1Erik Fischer, Melchior Lorck, Copenhague, 2009, vol. I, p. 75. L’influence d’Albrecht Dürer (1471–1528) est présente dès les premières œuvres gravées de Lorck, datant des années 1540. De 1546 date une copie en sens inverse du Saint Jérôme au désert (Bartsch n° 59 ; Fischer n° 1546,1). Pour son portrait de Martin Luther (1483–1546), daté 1548, Lorck semble s’être inspiré du célèbre portrait d’Érasme (vers 1466/1449–1536) par Dürer (Bartsch n° 107 ; Fischer n° 1548,1).

2Il est possible que Lorck ait été présent à Nuremberg dès 1549. L’artiste peut y être localisé avec certitude en 1550-1551, sur la base d’inscriptions manuscrites sur quelques gravures et dessins qui mentionnent l’année et le lieu ; voir Fischer 2009, op. cit. (note 1), vol. I, p. 75.

3Dürer avait probablement lui-même commandé le portrait en médaillon à Schwarz ; voir Giulia Bartrum, Albrecht Dürer and his Legacy. The Graphic Work of a Renaissance Artist, cat. exp.

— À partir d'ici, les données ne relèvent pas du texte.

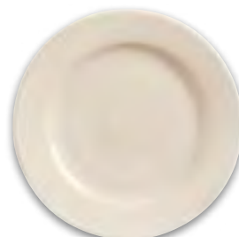
◆ Princess White pg. 127
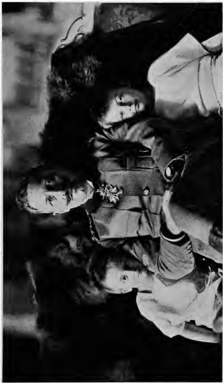
THE KAISER AND HIS TWO ELDEST GRANDSONS, PRINCES WILHELM AND LOUIS FERDINAND OF PRUSSIA
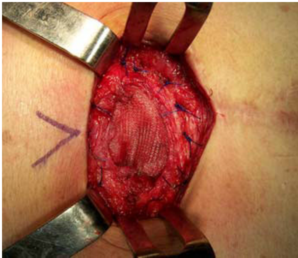
Figure 2 Epigastric Incisional hernias
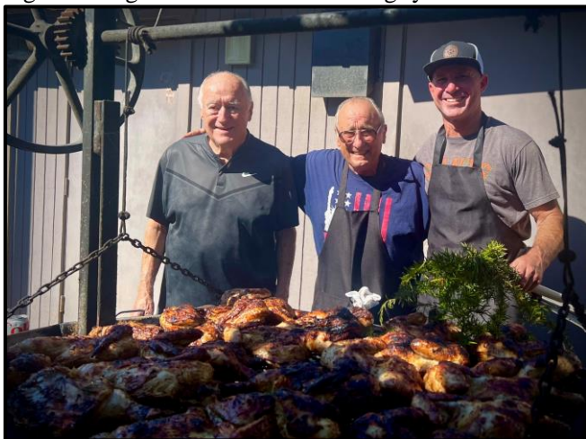
Heat, Smoke and Fire or A Bad Day for Chickens
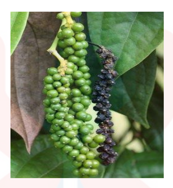
Figure 1.1: Fruits of Piper nigrum for spices
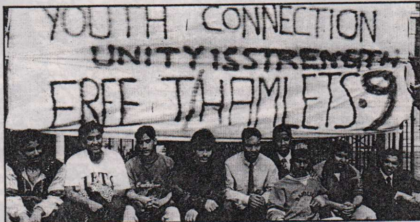
The Tower Hamlets Nine outside Thames Magistrates in Bow

Friday 4 March: benefit concert/rave at the Rocket, University of North London, Holloway Road N7 from 10pm onwards (near Holloway Rd tube)
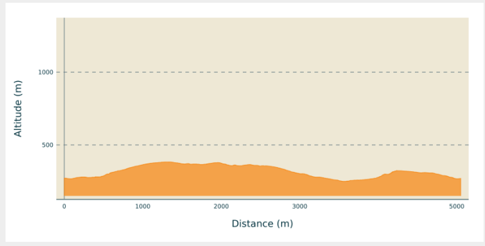
Min elevation 250 m Max elevation 383 m
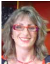
Wellbeing Collaboration Project Manager

After 18 months in the Wellbeing Collaboration Project Manager role, I am moving on to live and work in the UK for a while. I have had a wonderful time in my current role and have thoroughly enjoyed myself at the same time as gaining new skills and knowledge. Since visiting the UK on a study trip in 2004, I continued to be inspired by the potential of social and community enterprise to transform communities, neighbourhoods and organizations at the same time as creating sustainability, independence and local employment. So I am off at the end of May to find out more..... with the intention of returning to Waitakere in the future armed with more inspiration and experience. It is anticipated that the new Collaboration Project Manager will start around the end of June.
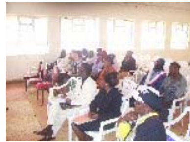
NAYD Summit 2007
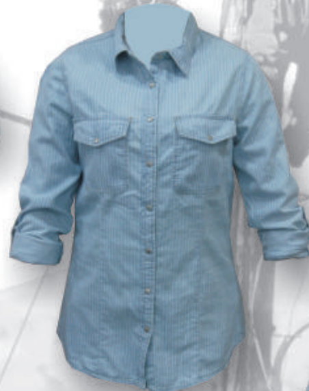
WH1011 Denim Shirt
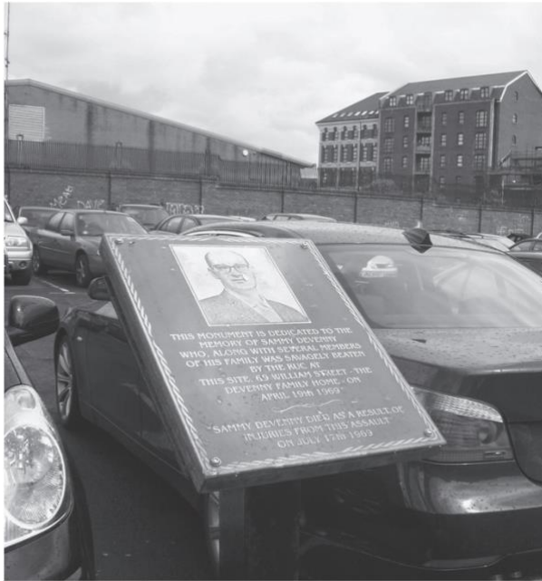
A memorial to Sammy Devenny in Northern Ireland, marking the first death of the troubles, located where he was killed (McDowell and Switzer)

The concept is inspired by the idea of counter-monuments that act as alternative forms of commemoration that differ from traditional norms. Some examples which inspired my work are included below:
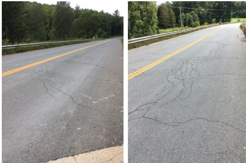
Figure 5: Pavement deterioration. Photo on left shows the pavement deterioration approaching the north end of the bridge, while the photo on the right shows the pavement deterioration approaching the south end of the bridge.

Significant cracking was evident around the bridge joints, Figure 4 and the approaches to the bridge, Figure 5. The cracking around the bridge joints were also noticed during the prior year's inspection by the Research Section and by the Bridge Management and Inspection Unit. Observations from the field show that the approaches to the bridge, from the north and the south, are experiencing significant transverse and longitudinal cracking. In certain areas, which are evident in Figure 5, alligator cracking has begun occurring. The patching near the bridge joints that was noticed during last year's research inspection seems to be performing well, accomplishing the task of extending the life of the bridge joint. At this point it is unclear why this cracking is occurring, but it is most likely attributed to the deterioration of the concrete bridge joint underneath the Flexogrid Membrane. Further discussions with the Structures Unit and The Bridge Management and Inspection Unit would have to be had to accurately determine the cause of the deterioration around the bridge joints and the approaches.
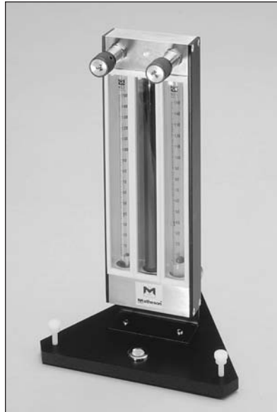
Model 7300 Series
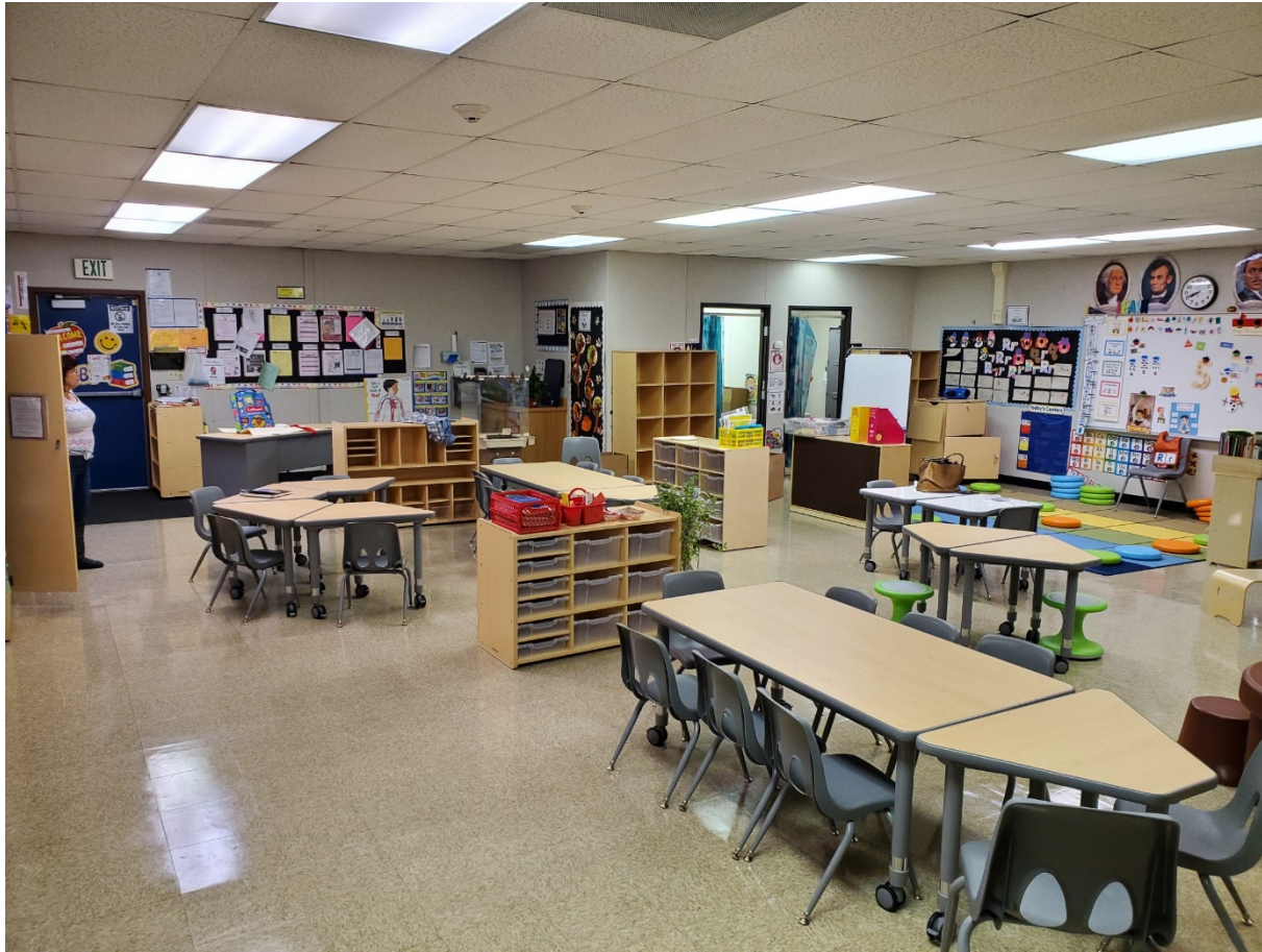
Bixby's preschool bond project renovations
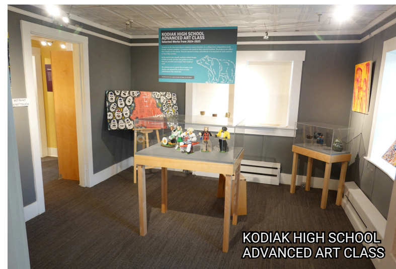
KODIAK HIGH SCHOOL ADVANCED ART CLASS

A returning partnership between Kodiak High School's Advanced Art Class and KHM displayed works created by Kodiak's up and coming artists.
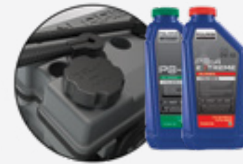
G ENGINE OIL P. 60 » PS-4 • 1 QT • 2876244 » PS-4 • 1 GAL. • 2876245 » PS-4 EXTREME • 1 QT • 2889395 » PS-4 EXTREME • 1 GAL. • 2889396

2.5 QT Engine Oil (Oil varies by kit), 1 Oil Filter (2540086) & 1 Drain Plug Washer » PS-4 • 2879323 » PS-4 EXTREME • 2890057
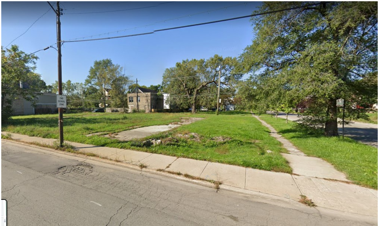
Street view of the project site of the five adjacent lots. Facing west.
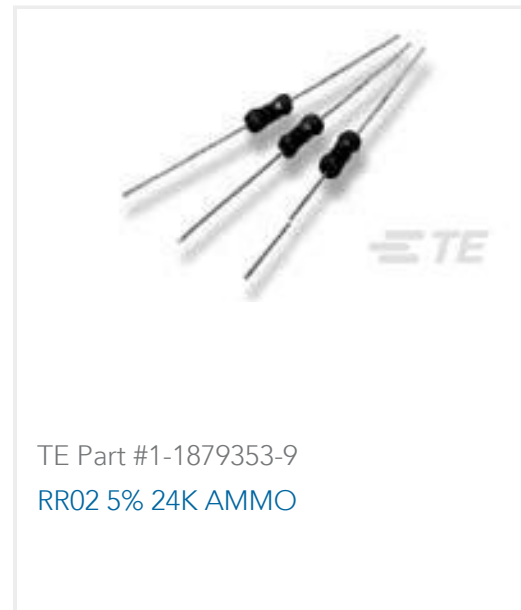
TE Part #1-1879353-9 RR02 5% 24K AMMO
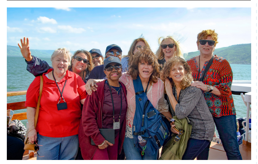
Tour = TH25 Code = G
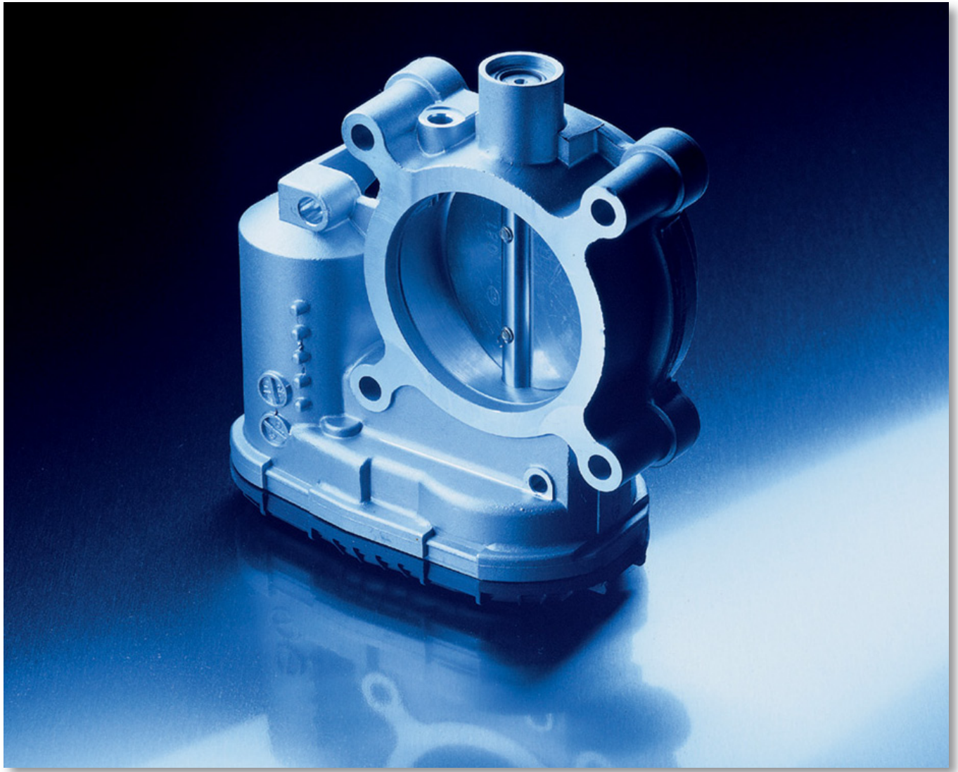
Figure 4: Complete throttle valve with flap, integrated actuator and sensor. Pretreatment with atmospheric plasma is effected before the integrated sensor circuit board is coated. (Novotechnik)

compatible plastics without bonding, simply by using plasma. Apart from the strong activation and microfine cleaning effects, the user benefits from the high electrostatic discharging effect of the free plasma beam, and also its ultrasonic emission speed, which effectively removes all loose and microfine particles from the surface. In close collaboration with the research institute Fraunhofer IFAM, Bremen, the technique was developed further: For the purpose of the functionalization of surfaces, the world's first atmospheric plasma-polymerisation process was patented and brought into large industrial use at TRW Automotive.
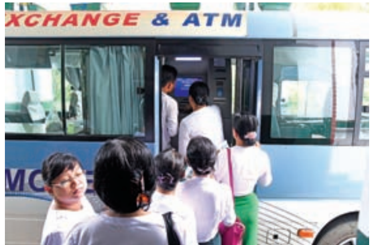
Teachers line up to draw salary with the use of ATM card.

AN ATM card payment system Ministry of Education in Yanhas been introduced to employees including teachers of the enabling employees, especially
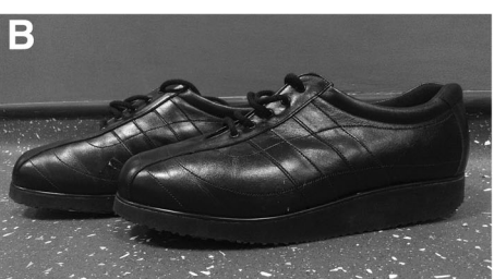
Fig. 1 Unloading shoes (a) and control shoes (b)
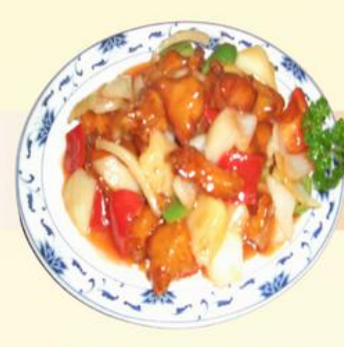
Sweet & Sour Chicken
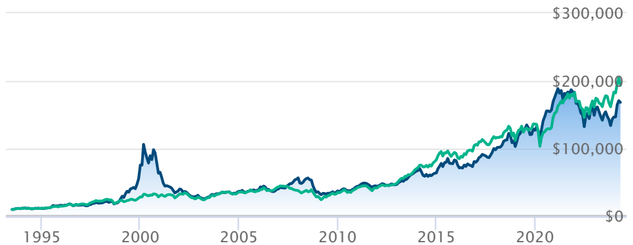
AGF U.S. Small-Mid Cap Fund Mutual Fund Series Dow Jones U.S. Small-Cap TR Index (C$)

The information contained on this page is related only to the designated fund or funds shown above. As part of a BMO Life Assurance Company policy, you do not purchase units in this designated fund or a legal interest in any security.

Londres (The British Museum), 2002, n° 7. Un spécimen en bronze se trouve à Londres, The British Museum, inv. 1875,1004.11.

4Albrecht Dürer, Autoportrait à vingt-huit ans, portant un manteau avec col en fourrure, 1500, Munich, Alte Pinakothek, inv. 537.

5« Comme celui à qui les déesses apolloniques ont accordé leurs dons, / comme celui que la sage Minerve a fait sortir de son giron. / Tel il était, beau de visage et de cheveux, / il vécut cinq ans multipliés par dix plus six. / Sur l’effigie d’Albrecht Dürer. », d’après la traduction anglaise publiée dans Bartrum 2002, op. cit. (note 3), n° 14.

6Parmi les copies du XVIe siècle mentionnées dans Robert Zijlma, Hollstein’s German Engravings, Etchings and Woodcuts 1400-1700, Amsterdam, 1978, vol. XXII, p. 196, au n° 21 comme d’après l’estampe de Lorck, trois semblent plutôt reproduire le médaillon de Schwarz. Une quatrième, également circulaire, paraît combiner des éléments de ce dernier de la gravure de Lorck.

7Entre 1565 et 1576, 128 gravures sur bois basées sur les dessins de Lorck ont été réalisées. La publication est restée inachevée ; néanmoins, une version abrégée fut publiée à Anvers en 1574. Pour la genèse de la « publication turque », voir Fischer 2009, op. cit. (note 1), vol. I, p. 130-138, vol. III, p. 7-20.